A toolkit for creating a real-time 3D image of the entire Earth should include a few good satellites with high-resolution, remote imaging capabilities. Hollywood might have us believe these are a dime a dozen. For monitoring and recognizing both man-made and natural changes on a global scale, though, it turns out that viable options are limited, and choosing which to use for the best results can be tricky.
Hairong Qi, Gonzalez Family Professor in EECS, has navigated this over the last three years while contributing her expertise in remote sensing techniques to world-mapping projects supported by Intelligence Advanced Research Projects Activity (IARPA).
“My area is computer vision and machine learning,” said Qi. “In my case, remote sensing becomes one of the application areas where I could apply machine learning and computer vision algorithms.”
Due to the diverse biome of the Earth’s surface, the trained model is difficult to generalize as the needed training data for these algorithms are much less holistically representative of the surface. The IARPA projects seek more advanced machine learning and artificial intelligence approaches to meet this data demand.
The projects work together over two contracts. CORE 3D (Creation of Operationally Realistic 3D Environment), from 2017 to 2020, developed a methodology to create an accurate and realistic 3D model for situational awareness essential to military, humanitarian, and intelligence mission planning.
The more recent contract, SMART (Space-Based Machine Automated Recognition Technique), builds on CORE 3D to automate broad-area satellite imagery sources to detect and assess changes on the Earth’s surface—providing timely discovery and robust monitoring of both human-made and natural changes.
Qi’s area of specialty is key for meeting the challenge of capturing such a wholistic picture of changes over time—enabling real-time situational awareness fueled by advanced computer vision and machine learning processes.
“Analyzing the entire Earth surface and providing real-time assessment in just a few hours is unthinkable,” she said. “This would require your models to be light without sacrificing accuracy.”
The other big challenge is the system’s capacity for generalization. A model that recognizes the architecture of North America will not recognize the material and building designs of regions like South America or Asia, or that a model that recognizes the material in summer might not work for the same material in winter. Beyond mapping relatively static architecture, the focus of CORE 3D, the ever-changing nature of a planet-size event evolution added to the challenge of detecting surface changes over time, the goal of the SMART phase.
“We ran into a lot of false positives,” said Qi. “You have a lot of interference from the atmosphere, from clouds, from different weather conditions, and different seasons. All of those cause problems to your detection.”

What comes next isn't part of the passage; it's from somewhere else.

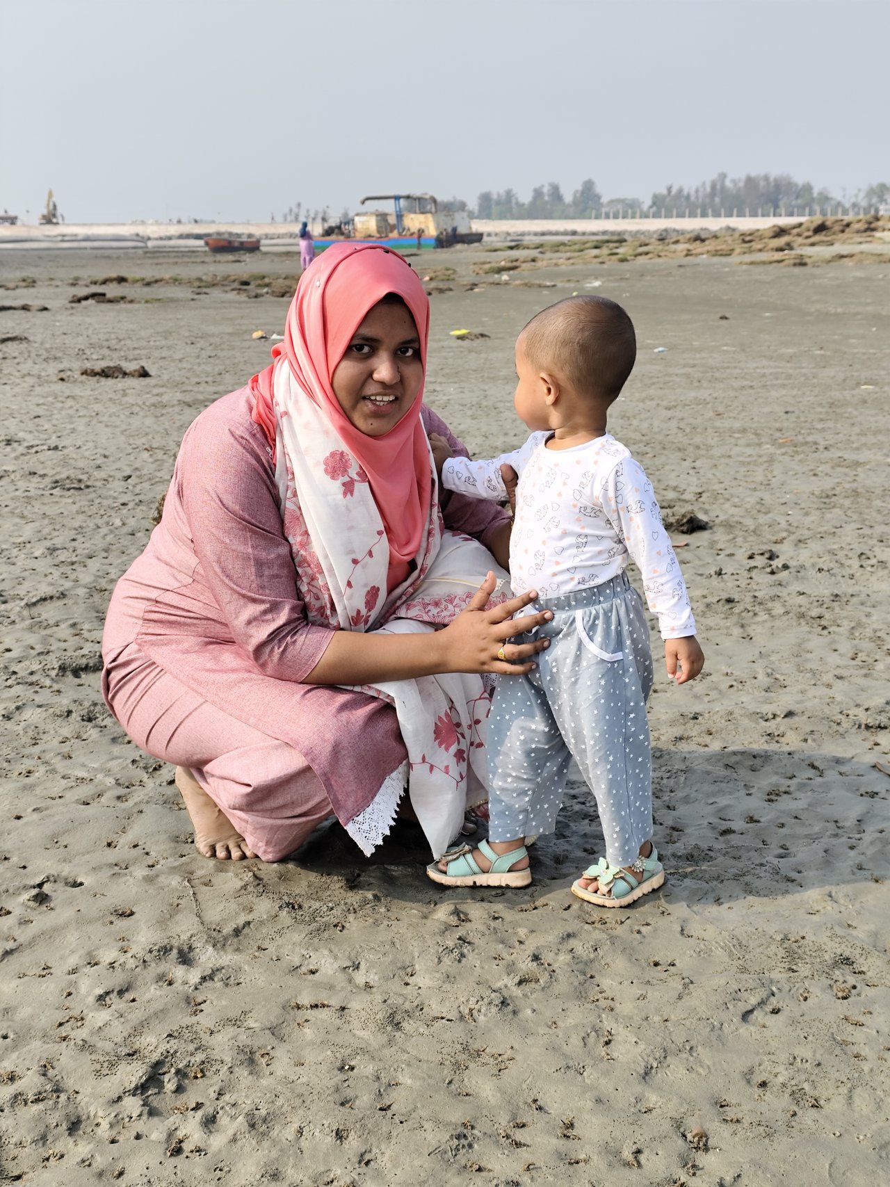 I really enjoyed watching their songs and dances. We all stood there together and enjoyed their songs for a long time. To be honest, I enjoyed their dances and songs a lot. You can come to this place if you want. The surroundings are like a desert, with sea water on one side. Houses on the other side. And there are small gardens of trees. And anyone who comes to these places will feel good. And we came here from Feni Daganbhuiyan to visit. And the day we came here to visit, the whole family rented a micro. And to come here, we first left the house quickly.

That’s why multiple types of satellite imagery come into play for cross-checking the data across multiple spectral bands. Each type of imaging device has a different balance of resolution along spectral, spatial, and temporal domains.
“We use three kinds: Landsat, Sentinel, and Worldview,” said Qi. “With Landsat, we have more frequent access to the images: on a daily basis. But because the temporal resolution is very high, then the spatial resolution is very poor. Each pixel is around 30 square meters of spatial resolution. Sentinel, on the other hand, has a spatial resolution of roughly 10 square meters, but we only have a new image every two weeks. Worldview has the best spatial resolution, which is one meter—very accurate. But unfortunately, we have just a handful of those images.”
Project partners—research teams at multiple universities coordinated by international company Accenture—drill down from Landsat’s coarser resolution coverage of the Earth for a quick board area screening to mark potential areas that might undergo changes of interest.
“We come in and specify if this is a true change, and if it indeed is a change, at which phase is the change,” said Qi. “Our processing algorithm has already been integrated into Accenture’s pipeline.”
Qi thanks Paul Montgomery, director for government-industry partnerships in UT’s Office of Research, Innovation, and Economic Development, for reaching out and helping her connect to the project. These kinds of projects have provided her graduate students with great opportunities working with world-renowned experts in computer vision, remote sensing, and machine learning.
“I’m proud of our graduate students: Maofeng Tang, Fanqi Wang, Razieh Baghbaderani, Konstantinos Georgiou, and post-doc researcher, Weisheng Tang,” said Qi. “I have never come across a problem that they cannot solve! They are well trained to handle these real-world problems, and then be able to publish their work at top conferences.”
Projects like these give Engineering Vols a chance to see their contributions in the big picture of international collaboration—a satellite view for the Big Orange experience.